Among alloys suitable for applications such as those mentioned above are phosphor-bronze and beryllium-copper alloys as discussed, respectively, in G. R. Gohn et al, "The Mechanical Properties of Wrought Phosphor Bronze Alloys", American Society for Testing Materials, 1956 and G. R. Gohn et al, "The Mechanical Properties of Copper-Beryllium Alloy Strip", American Society for Testing and Materials, 1964. Up until recently, copper-nickel-tin alloys were not considered to be viable substitutes for phosphor bronze or copper-beryllium alloys due largely to inadequate formability of available copper-nickel-tin alloys. Investigations into the properties of such copper-nickel-tin alloys are described, e.g., in E. M. Wise et al, "Strength and Aging Characteristics of the Nickel Bronzes", Metal Technology, No. 523, January 1964, pages 218-244; E. Fetz, "Uber Aushartbare Bronzen Auf Kupfer-Nickel-Zinn-Basis", Zeitschrift fur Metallkunde 28, 1936, pages 350-353; and A. M. Patton, "The Effect of Section Thickness on the Mechanical Properties of a Cast Age-Hardenable Copper-Nickel-Tin Alloy", The British Foundryman, April 1962, pages 129-135, and exemplary metallurgical processing of such alloys is disclosed in U.S. Pat. No. 1,816,509, "Method of Treatment of Nonferrous Alloys", E. M. Wise, July 28, 1931.

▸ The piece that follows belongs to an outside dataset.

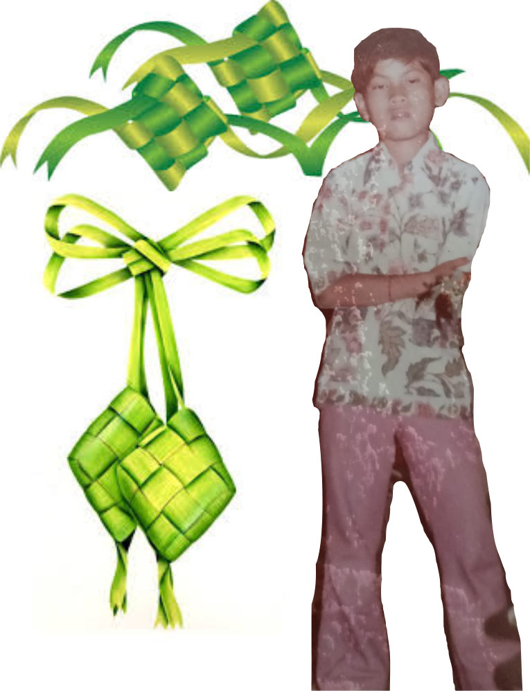 Lebaran identik dengan baju baru, amplop, ketupat, opor ayam, dan kue kering. Foto ini saat lebaran 1976, saya memakai baju baru, bergaya ala foto model.

In contrast to the relatively brittle copper-nickel-tin alloys dealt with in the above-mentioned references, U.S. Pat. No. 3,937,638, "Method for Treating Copper-Nickel-Tin Alloy Compositions and Products Produced Therefrom", issued to J. T. Plewes on Feb. 10, 1976, and assigned to the assignee hereof, discloses alloys which are strong as well as ductile. Such combination of properties is achieved by thermomechanical processing involving cold working by an amount of at least 75% area reduction followed by aging at a temperature depending on alloy composition and amount of cold work. The composition of these alloys is characterized in that such alloys are in a single phase state at a temperature near the melting point of the alloy but in a two-phase state at room temperature. It is believed that the unusual combination of high strength and high ductility achieved is due to inhibition of second phase precipitation at the grain boundaries in favor of a so-called spinodal transformation, which characteristically leads to fine dispersement of the second phase throughout the first phase. More recently, it has been discovered that certain quaternary alloys also undergo such a spinodal transformation. These alloys are disclosed in copending application J. T. Plewes 4, Ser. No. 685,263, filed May 11, 1976, now U.S. Pat. No. 4,052,204, and are obtained by substituting substantial amounts of a fourth element for a corresponding amount of copper in the ternary alloys disclosed in U. S. Pat. No. 3,937,638.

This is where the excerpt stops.